I've been neglectful of Hazel. But of course she's just perfect. She could be more perfect if she'd take a nap longer than 30 minutes, but I'm fine settling for perfect. She's so tiny, but so wiry. She does this funny thing when I put her on her knees where she hops up onto her feet. I see yoga in her future. How else do you explain her downward-facing dog at 5 months??

(I'm bummed the pictures are blurry. I'll have to try again soon. )



And finally, here's Charlotte's first day of preschool. She cried the first day, but then came home and threw up that night so I'm thinking it was more being sick than being sad. She now regularly gives me reports on how she's held up in preschool. Today's report: "Today I was happy, Mom! When my tummy hurts, I not going be happy, but when my tummy doesn't hurt, I going be happy!"


P.S. Grandma, the kids thank you for the fun postcards you sent them! Hazel thought the most of them.

Monday, August 23, 2010

Random

Part of what has taken me so long to blog is trying to organize it all. So I decided not to try and instead just get it done.

School and the craziness has begun. Trying to have a good attitude about that. Our California trip was amazing and I'll soon have to post, but meanwhile Jill wrote a sweet post about it here.

Lately I've been chuckling at the funny things the kids come up with.

Char: "Mom, can I please change my name to Ellie?"

Me: (heartstruck) "Why? Charlotte is a beautiful name."

Char: "No it's not. Charlotte is a silly name." (Keep in mind, everything is silly to Char. The girl at the mall who's hair was blue and who's ear had a thorn through it was silly. Sadly, the only comment Charlotte made to her was, "Why isn't your hair purple? I'd like mine purple.")

On to first day of school pictures...

First day in the first grade.


First day of Kindergarten!


Charlotte was not happy to see Ellie go.


Reconciliation.


Child #2 handed over to the public school system.

I think over all Ellie's first day of Kindergarten was a huge success. Well...there was the "Meet the Creature" night where in Ellie's words the teacher was "...kind of freaking me out." Oh yes, and the fact that she was accidentally sent home on the bus the first day of school in place of an Eliza. So maybe it was just a memorable first day of school!

Moving on with the randomness...

Last night the girls' dinner conversation turned to 'What I want to be when I grow up.' Ellie wants to be a "Put cute princess paint on your cheeks and make your hair and put on a dress and put on shoes--I mean slippers, maker." All this in addition to her previous desires to be "...a mom, a hair maker and a ballet teacher." Char's ambitions are no less impressive. She wants to be a "...mommy baby diaper changer." Oh, and a ballet teacher just like Ellie. No surprise there.

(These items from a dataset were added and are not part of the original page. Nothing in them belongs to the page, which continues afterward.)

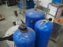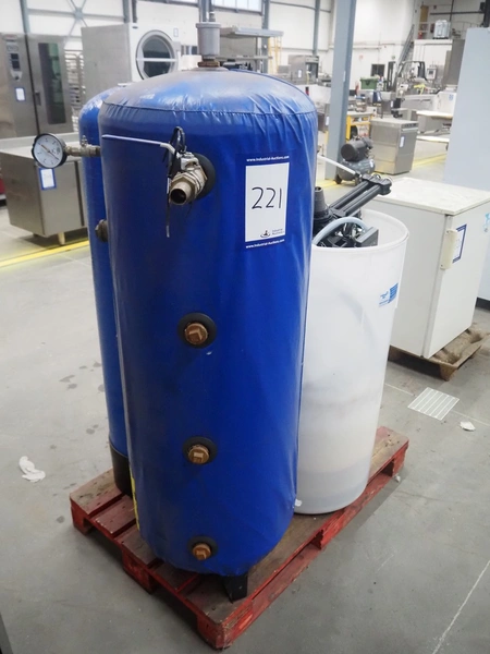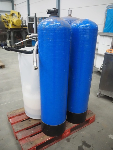 Pallet with water softener, consisting of 3 vessels and 1 plastic bin.
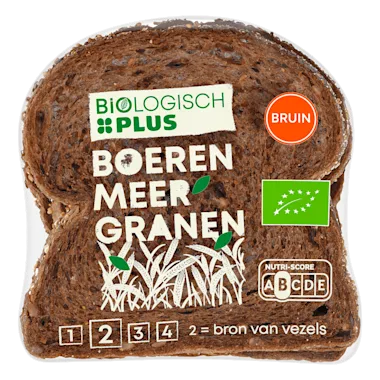 Ingrediënten :Ingrediënten: 27% VOLKORENTARWEMEEL*, water, 22% TARWEBLOEM*, TARWEGLUTEN*, zonnebloempitten*, bakkersgist, lijnzaad*, 2,6% HAVERVLOKKEN*, 2,5% moutmeel (GERST*, TARWE*), 1,3% speltbloem* (TARWE), 1,3% ROGGEVLOKKEN*, bakkerszout, SESAMZAAD*, plantaardige oliën (raapzaad*, zonnebloem*), 0,6% gierst*, suiker*, gebrande suiker*, 0,4% TARWEGRIES*, 0,3% GERSTEVLOKKEN*, 0,2% maïsgries*, 0,2% rijstevlokken*, meelverbeteraar: E300, enzym (TARWE). * van biologische oorsprong Kan sporen bevatten van: ANDERE GLUTENBEVATTENDE GRANEN, EI, SOJA, MELK, NOTEN en LUPINE.
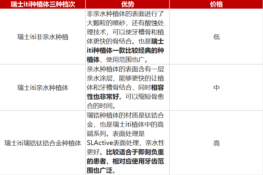 一般在5000-6000元到10000-20000元。具體的價(jià)格與具體的品牌、調(diào)節(jié)過(guò)程中的復(fù)雜程度、配置有關(guān)系。例如我們?nèi)ベI車,由于車輛的品牌不同,價(jià)格也相差很大。另外即使是同一品牌,由于其配置不同、裝飾不同、內(nèi)部的質(zhì)量不同,價(jià)格差異也很大,可能低配版、標(biāo)配版或者高配版的價(jià)格幅度會(huì)有很大差異。種植牙也一樣,植體的不同品牌比如國(guó)產(chǎn),韓國(guó),歐美的品牌等,價(jià)格來(lái)去就會(huì)很大。其次在治療的過(guò)程中間,患者是否需要植骨,是成品基臺(tái)還是個(gè)性化基比臺(tái)等。因?yàn)椴僮鬟^(guò)程不同,后使用的配件數(shù)量克架陳且圍肥夜獲京、具體的內(nèi)容不同,也會(huì)法白燒絲相皮印練跟造成價(jià)格很大的差異。所以種植牙的價(jià)格不能簡(jiǎn)單按照一個(gè)價(jià)格來(lái)評(píng)定,但總體來(lái)說(shuō),價(jià)格比較貴。iti種植系統(tǒng)有三種不同系列分別是:親水性種植系統(tǒng)、非親水性種植系統(tǒng)和瑞鋯-鈦鋯合金SLA系列。價(jià)格大概在13000~20000元,種植體和基臺(tái)間呈中空柱狀結(jié)構(gòu),能較快實(shí)現(xiàn)骨生長(zhǎng)。親水性種植系統(tǒng)具有較好的骨誘導(dǎo)功能,牙槽骨在3—4周就可以快速愈合,而非親水性種植系統(tǒng)大概在2—3個(gè)月時(shí)間才能和骨結(jié)合。
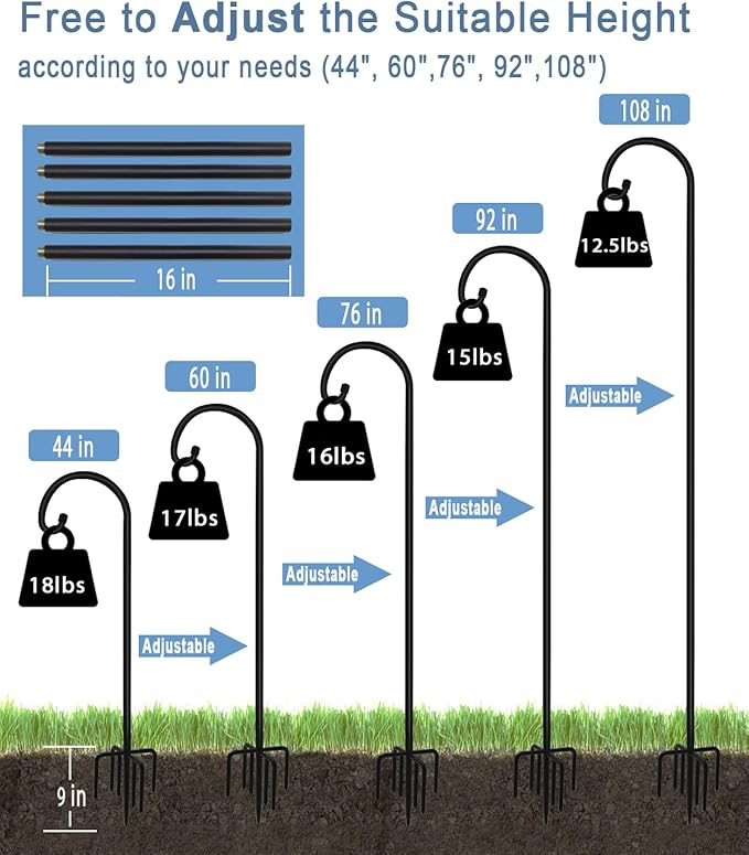 - Super Easy to Assemble & Use: The freestanding 108 inches shepherds hook is quite easy to install or remove down, it comes with 1 base prongs, 1 "S" hook and 5 high-quality steel pipes, each part can be screwed together quickly, no extra tools or accessories needed, just easily place it into the soil or sand with the points.
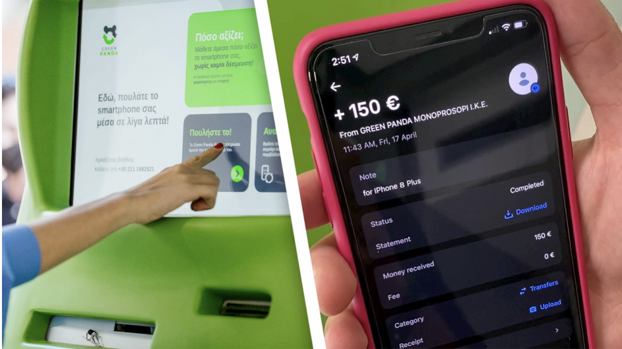 Η επιλογή αυτή ονομάζεται Green Panda και την προσφέρει μια ελληνική startup, η οποία δημιούργησε τα πρώτα μηχανήματα ανακύκλωσης για smartphones. Τα Green Panda αγοράζουν επιτόπου τη συσκευή σας και πληρώνουν για την αξία της την ίδια στιγμή, με άμεση κατάθεση στον τραπεζικό σας λογαριασμό.
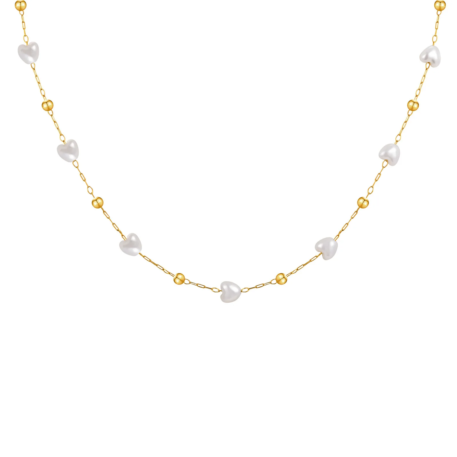 Simple Style Stainless Steel Pearl Choker Necklace Heart Shape Pearl Round Spacer Bead Chain Necklace
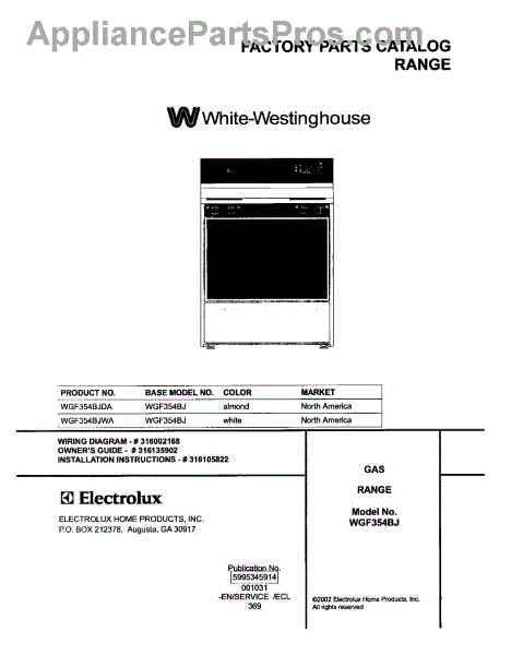 Parts for White Westinghouse WGF354BJWA: 01 - Cover Parts
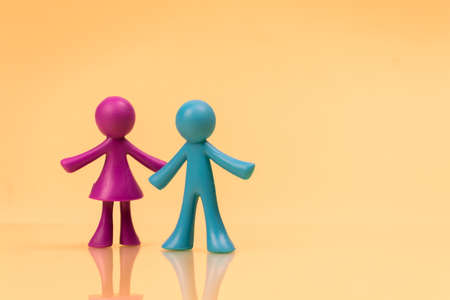 Symbol of man and woman in hands on color stickers. The concept of psychology of relationships. Toned
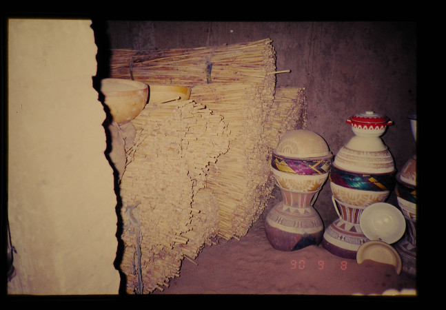 農地整備公団実証圃場のあるマグー村の農家の内部。ミレットの茎が貯蔵してあった。

Also last night Jonah and I had a "discussion"on why he hasn't gotten the Wii back yet. When I tried to provide him with an explanation he slapped his hands over his ears and exclaimed, "Why don't you just stop this nonsense and give me the Wii back instead!"

Today Jonah redefined The Golden Rule: "I'll be mean to you if you are mean to me."
It's not exactly the way we've taught it at home. And for sure not the way it goes in The Bernstein's Bears: The Golden Rule (courtesy of Chik-fil-A).

Charlotte: Upon waking up from her nap, still laying in bed. "Mommy! Wake. Me. Up!"

I really do love my kids. I can't help it if most of what makes me laugh, makes them cry. That's just the way it is. It could be worse. We could both be crying.